[RECORDS TO USE — start]

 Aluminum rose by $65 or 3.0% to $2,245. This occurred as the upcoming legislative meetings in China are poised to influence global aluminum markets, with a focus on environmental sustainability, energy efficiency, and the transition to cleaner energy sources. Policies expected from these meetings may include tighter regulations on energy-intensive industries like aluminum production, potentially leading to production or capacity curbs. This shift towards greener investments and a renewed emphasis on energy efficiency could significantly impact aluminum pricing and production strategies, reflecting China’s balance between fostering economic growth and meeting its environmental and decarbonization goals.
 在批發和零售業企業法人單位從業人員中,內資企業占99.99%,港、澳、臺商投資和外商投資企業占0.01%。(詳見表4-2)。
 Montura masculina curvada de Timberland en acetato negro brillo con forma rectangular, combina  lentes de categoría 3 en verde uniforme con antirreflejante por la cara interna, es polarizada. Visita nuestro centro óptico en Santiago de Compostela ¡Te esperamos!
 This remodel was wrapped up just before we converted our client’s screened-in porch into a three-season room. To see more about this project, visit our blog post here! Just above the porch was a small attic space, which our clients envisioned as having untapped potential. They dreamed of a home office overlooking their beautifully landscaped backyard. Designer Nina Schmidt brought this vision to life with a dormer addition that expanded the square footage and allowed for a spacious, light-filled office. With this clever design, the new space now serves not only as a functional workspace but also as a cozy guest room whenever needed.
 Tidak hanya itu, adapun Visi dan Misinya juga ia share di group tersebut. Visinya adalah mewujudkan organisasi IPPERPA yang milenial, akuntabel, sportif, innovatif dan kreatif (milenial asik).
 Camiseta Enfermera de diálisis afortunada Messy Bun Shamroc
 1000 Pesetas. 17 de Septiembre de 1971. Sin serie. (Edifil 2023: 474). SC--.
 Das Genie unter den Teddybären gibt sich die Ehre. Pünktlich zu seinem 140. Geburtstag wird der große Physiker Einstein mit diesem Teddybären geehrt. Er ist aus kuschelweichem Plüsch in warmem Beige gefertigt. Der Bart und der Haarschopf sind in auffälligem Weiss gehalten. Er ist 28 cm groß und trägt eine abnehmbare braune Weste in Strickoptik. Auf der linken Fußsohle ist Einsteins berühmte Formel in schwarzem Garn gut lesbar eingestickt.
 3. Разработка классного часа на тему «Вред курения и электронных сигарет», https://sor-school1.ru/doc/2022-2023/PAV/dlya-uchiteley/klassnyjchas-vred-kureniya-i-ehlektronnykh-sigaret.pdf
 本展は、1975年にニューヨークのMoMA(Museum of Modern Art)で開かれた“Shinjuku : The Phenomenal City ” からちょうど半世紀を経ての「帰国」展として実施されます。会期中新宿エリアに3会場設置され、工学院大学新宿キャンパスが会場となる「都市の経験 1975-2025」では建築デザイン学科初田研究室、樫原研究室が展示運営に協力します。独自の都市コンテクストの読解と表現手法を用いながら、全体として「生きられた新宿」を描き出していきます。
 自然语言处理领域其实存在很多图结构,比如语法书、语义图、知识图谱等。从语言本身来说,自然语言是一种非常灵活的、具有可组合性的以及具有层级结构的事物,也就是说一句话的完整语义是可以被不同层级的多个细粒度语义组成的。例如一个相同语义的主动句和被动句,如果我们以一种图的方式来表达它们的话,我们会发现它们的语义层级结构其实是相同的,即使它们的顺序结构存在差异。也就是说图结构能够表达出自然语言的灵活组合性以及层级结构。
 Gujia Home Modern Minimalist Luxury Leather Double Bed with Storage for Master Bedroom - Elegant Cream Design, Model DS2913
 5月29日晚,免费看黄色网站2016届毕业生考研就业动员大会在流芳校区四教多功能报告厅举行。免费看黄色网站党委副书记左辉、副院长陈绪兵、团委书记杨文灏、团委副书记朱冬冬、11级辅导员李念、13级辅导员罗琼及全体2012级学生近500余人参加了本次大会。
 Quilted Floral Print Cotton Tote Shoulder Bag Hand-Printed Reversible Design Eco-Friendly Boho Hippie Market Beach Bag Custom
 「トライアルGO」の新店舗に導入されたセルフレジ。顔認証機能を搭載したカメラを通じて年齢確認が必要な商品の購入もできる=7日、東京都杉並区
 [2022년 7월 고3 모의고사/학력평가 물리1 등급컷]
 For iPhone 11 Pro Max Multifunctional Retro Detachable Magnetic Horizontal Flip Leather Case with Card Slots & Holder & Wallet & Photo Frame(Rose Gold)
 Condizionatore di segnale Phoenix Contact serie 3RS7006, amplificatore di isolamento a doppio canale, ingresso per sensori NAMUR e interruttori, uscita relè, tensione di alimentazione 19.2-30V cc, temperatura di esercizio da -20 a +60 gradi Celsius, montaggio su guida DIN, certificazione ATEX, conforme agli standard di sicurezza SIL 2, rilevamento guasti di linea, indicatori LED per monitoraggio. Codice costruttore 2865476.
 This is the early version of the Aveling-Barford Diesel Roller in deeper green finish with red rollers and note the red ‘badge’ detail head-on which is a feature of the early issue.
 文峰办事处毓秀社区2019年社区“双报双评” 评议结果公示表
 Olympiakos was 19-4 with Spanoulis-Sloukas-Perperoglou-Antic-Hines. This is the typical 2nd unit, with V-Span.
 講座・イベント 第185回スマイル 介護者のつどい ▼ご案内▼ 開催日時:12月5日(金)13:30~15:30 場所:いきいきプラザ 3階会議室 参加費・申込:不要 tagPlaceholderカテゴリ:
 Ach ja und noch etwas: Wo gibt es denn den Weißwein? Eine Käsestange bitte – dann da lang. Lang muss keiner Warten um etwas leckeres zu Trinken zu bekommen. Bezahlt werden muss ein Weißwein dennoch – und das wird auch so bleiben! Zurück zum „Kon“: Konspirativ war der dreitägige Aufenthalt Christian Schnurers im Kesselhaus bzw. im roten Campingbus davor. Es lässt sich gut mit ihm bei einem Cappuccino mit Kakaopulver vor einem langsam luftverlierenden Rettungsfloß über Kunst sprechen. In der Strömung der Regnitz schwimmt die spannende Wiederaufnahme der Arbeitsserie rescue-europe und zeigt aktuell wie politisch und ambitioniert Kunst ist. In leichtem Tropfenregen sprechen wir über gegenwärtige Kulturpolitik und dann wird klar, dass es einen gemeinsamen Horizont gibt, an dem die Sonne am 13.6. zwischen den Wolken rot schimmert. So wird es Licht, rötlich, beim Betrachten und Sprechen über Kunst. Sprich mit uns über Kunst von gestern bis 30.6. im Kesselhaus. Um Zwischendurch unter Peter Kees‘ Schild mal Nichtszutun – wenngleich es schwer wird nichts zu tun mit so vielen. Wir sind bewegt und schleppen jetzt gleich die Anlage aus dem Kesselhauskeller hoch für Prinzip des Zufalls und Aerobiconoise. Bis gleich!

[RECORDS TO USE — finish]

WORK TASK — Nothing in the entries above should differ when you return them in full.

TASK RESPONSE —
 Aluminum rose by $65 or 3.0% to $2,245. This occurred as the upcoming legislative meetings in China are poised to influence global aluminum markets, with a focus on environmental sustainability, energy efficiency, and the transition to cleaner energy sources. Policies expected from these meetings may include tighter regulations on energy-intensive industries like aluminum production, potentially leading to production or capacity curbs. This shift towards greener investments and a renewed emphasis on energy efficiency could significantly impact aluminum pricing and production strategies, reflecting China’s balance between fostering economic growth and meeting its environmental and decarbonization goals.
 在批發和零售業企業法人單位從業人員中,內資企業占99.99%,港、澳、臺商投資和外商投資企業占0.01%。(詳見表4-2)。
 Montura masculina curvada de Timberland en acetato negro brillo con forma rectangular, combina  lentes de categoría 3 en verde uniforme con antirreflejante por la cara interna, es polarizada. Visita nuestro centro óptico en Santiago de Compostela ¡Te esperamos!
 This remodel was wrapped up just before we converted our client’s screened-in porch into a three-season room. To see more about this project, visit our blog post here! Just above the porch was a small attic space, which our clients envisioned as having untapped potential. They dreamed of a home office overlooking their beautifully landscaped backyard. Designer Nina Schmidt brought this vision to life with a dormer addition that expanded the square footage and allowed for a spacious, light-filled office. With this clever design, the new space now serves not only as a functional workspace but also as a cozy guest room whenever needed.
 Tidak hanya itu, adapun Visi dan Misinya juga ia share di group tersebut. Visinya adalah mewujudkan organisasi IPPERPA yang milenial, akuntabel, sportif, innovatif dan kreatif (milenial asik).
 Camiseta Enfermera de diálisis afortunada Messy Bun Shamroc
 1000 Pesetas. 17 de Septiembre de 1971. Sin serie. (Edifil 2023: 474). SC--.
 Das Genie unter den Teddybären gibt sich die Ehre. Pünktlich zu seinem 140. Geburtstag wird der große Physiker Einstein mit diesem Teddybären geehrt. Er ist aus kuschelweichem Plüsch in warmem Beige gefertigt. Der Bart und der Haarschopf sind in auffälligem Weiss gehalten. Er ist 28 cm groß und trägt eine abnehmbare braune Weste in Strickoptik. Auf der linken Fußsohle ist Einsteins berühmte Formel in schwarzem Garn gut lesbar eingestickt.
 3. Разработка классного часа на тему «Вред курения и электронных сигарет», https://sor-school1.ru/doc/2022-2023/PAV/dlya-uchiteley/klassnyjchas-vred-kureniya-i-ehlektronnykh-sigaret.pdf
 本展は、1975年にニューヨークのMoMA(Museum of Modern Art)で開かれた“Shinjuku : The Phenomenal City ” からちょうど半世紀を経ての「帰国」展として実施されます。会期中新宿エリアに3会場設置され、工学院大学新宿キャンパスが会場となる「都市の経験 1975-2025」では建築デザイン学科初田研究室、樫原研究室が展示運営に協力します。独自の都市コンテクストの読解と表現手法を用いながら、全体として「生きられた新宿」を描き出していきます。
 自然语言处理领域其实存在很多图结构,比如语法书、语义图、知识图谱等。从语言本身来说,自然语言是一种非常灵活的、具有可组合性的以及具有层级结构的事物,也就是说一句话的完整语义是可以被不同层级的多个细粒度语义组成的。例如一个相同语义的主动句和被动句,如果我们以一种图的方式来表达它们的话,我们会发现它们的语义层级结构其实是相同的,即使它们的顺序结构存在差异。也就是说图结构能够表达出自然语言的灵活组合性以及层级结构。
 Gujia Home Modern Minimalist Luxury Leather Double Bed with Storage for Master Bedroom - Elegant Cream Design, Model DS2913
 5月29日晚,免费看黄色网站2016届毕业生考研就业动员大会在流芳校区四教多功能报告厅举行。免费看黄色网站党委副书记左辉、副院长陈绪兵、团委书记杨文灏、团委副书记朱冬冬、11级辅导员李念、13级辅导员罗琼及全体2012级学生近500余人参加了本次大会。
 Quilted Floral Print Cotton Tote Shoulder Bag Hand-Printed Reversible Design Eco-Friendly Boho Hippie Market Beach Bag Custom
 「トライアルGO」の新店舗に導入されたセルフレジ。顔認証機能を搭載したカメラを通じて年齢確認が必要な商品の購入もできる=7日、東京都杉並区
 [2022년 7월 고3 모의고사/학력평가 물리1 등급컷]
 For iPhone 11 Pro Max Multifunctional Retro Detachable Magnetic Horizontal Flip Leather Case with Card Slots & Holder & Wallet & Photo Frame(Rose Gold)
 Condizionatore di segnale Phoenix Contact serie 3RS7006, amplificatore di isolamento a doppio canale, ingresso per sensori NAMUR e interruttori, uscita relè, tensione di alimentazione 19.2-30V cc, temperatura di esercizio da -20 a +60 gradi Celsius, montaggio su guida DIN, certificazione ATEX, conforme agli standard di sicurezza SIL 2, rilevamento guasti di linea, indicatori LED per monitoraggio. Codice costruttore 2865476.
 This is the early version of the Aveling-Barford Diesel Roller in deeper green finish with red rollers and note the red ‘badge’ detail head-on which is a feature of the early issue.
 文峰办事处毓秀社区2019年社区“双报双评” 评议结果公示表
 Olympiakos was 19-4 with Spanoulis-Sloukas-Perperoglou-Antic-Hines. This is the typical 2nd unit, with V-Span.
 講座・イベント 第185回スマイル 介護者のつどい ▼ご案内▼ 開催日時:12月5日(金)13:30~15:30 場所:いきいきプラザ 3階会議室 参加費・申込:不要 tagPlaceholderカテゴリ:
 Ach ja und noch etwas: Wo gibt es denn den Weißwein? Eine Käsestange bitte – dann da lang. Lang muss keiner Warten um etwas leckeres zu Trinken zu bekommen. Bezahlt werden muss ein Weißwein dennoch – und das wird auch so bleiben! Zurück zum „Kon“: Konspirativ war der dreitägige Aufenthalt Christian Schnurers im Kesselhaus bzw. im roten Campingbus davor. Es lässt sich gut mit ihm bei einem Cappuccino mit Kakaopulver vor einem langsam luftverlierenden Rettungsfloß über Kunst sprechen. In der Strömung der Regnitz schwimmt die spannende Wiederaufnahme der Arbeitsserie rescue-europe und zeigt aktuell wie politisch und ambitioniert Kunst ist. In leichtem Tropfenregen sprechen wir über gegenwärtige Kulturpolitik und dann wird klar, dass es einen gemeinsamen Horizont gibt, an dem die Sonne am 13.6. zwischen den Wolken rot schimmert. So wird es Licht, rötlich, beim Betrachten und Sprechen über Kunst. Sprich mit uns über Kunst von gestern bis 30.6. im Kesselhaus. Um Zwischendurch unter Peter Kees‘ Schild mal Nichtszutun – wenngleich es schwer wird nichts zu tun mit so vielen. Wir sind bewegt und schleppen jetzt gleich die Anlage aus dem Kesselhauskeller hoch für Prinzip des Zufalls und Aerobiconoise. Bis gleich!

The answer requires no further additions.